An overall ninefold increase in COVID-19 antibody levels can be seen with a longer interval between first and second doses of the Pfizer/BioNTech (BNT162b2) vaccine in people without prior infection, according to data from the UK government’s SIREN (SARS-CoV-2 Immunity and Reinfection Evaluation) study. www.medscape.com/viewarticle/972647?uac=398271FG&faf=1&sso=true&impID=4200673&src=mkm_ret_220501_mscpmrk_covid-ous_int

This interval-dependent antibody level varied by age, with those aged 45-54 years showing an 11-fold increase with a longer dosing interval (greater than 10 weeks vs 2-4 weeks). People younger than age 25 years showed a 13-fold increase with the longer interval, but participant numbers were low in this sub-group.

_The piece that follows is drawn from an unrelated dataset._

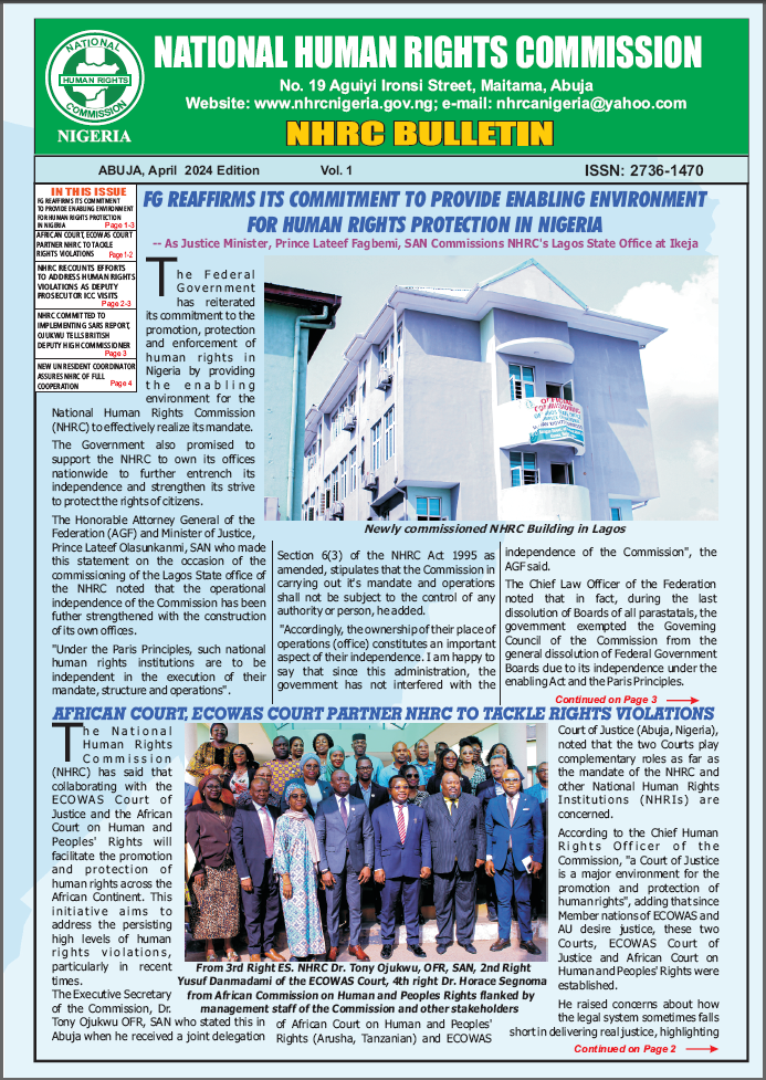NHRC MONTHLY DASHBOARD PROVIDES OPPORTUNITY TO ADDRESS HUMAN RIGHT CHALLENGES-OJUKWU

The work is the latest analysis from SIREN, which measured antibody levels in the blood from nearly 6000 healthcare workers from across the UK. Study lead Ashley Otter,  technical lead for SIREN serology at the UK Health Security Agency (UKHSA), will present the work on Tuesday at this year’s European Congress of Clinical Microbiology & Infectious Diseases (ECCMID) in Lisbon.

The study, which appeared in the March issue of the New England Journal of Medicine, also found that after the second dose of vaccine, there was about a 2.5-fold difference. 

Following the first dose only, antibody levels were up to 10 times higher in participants who were previously infected compared with infection-naive individuals. This effect lasted up to 8 months and then began to plateau.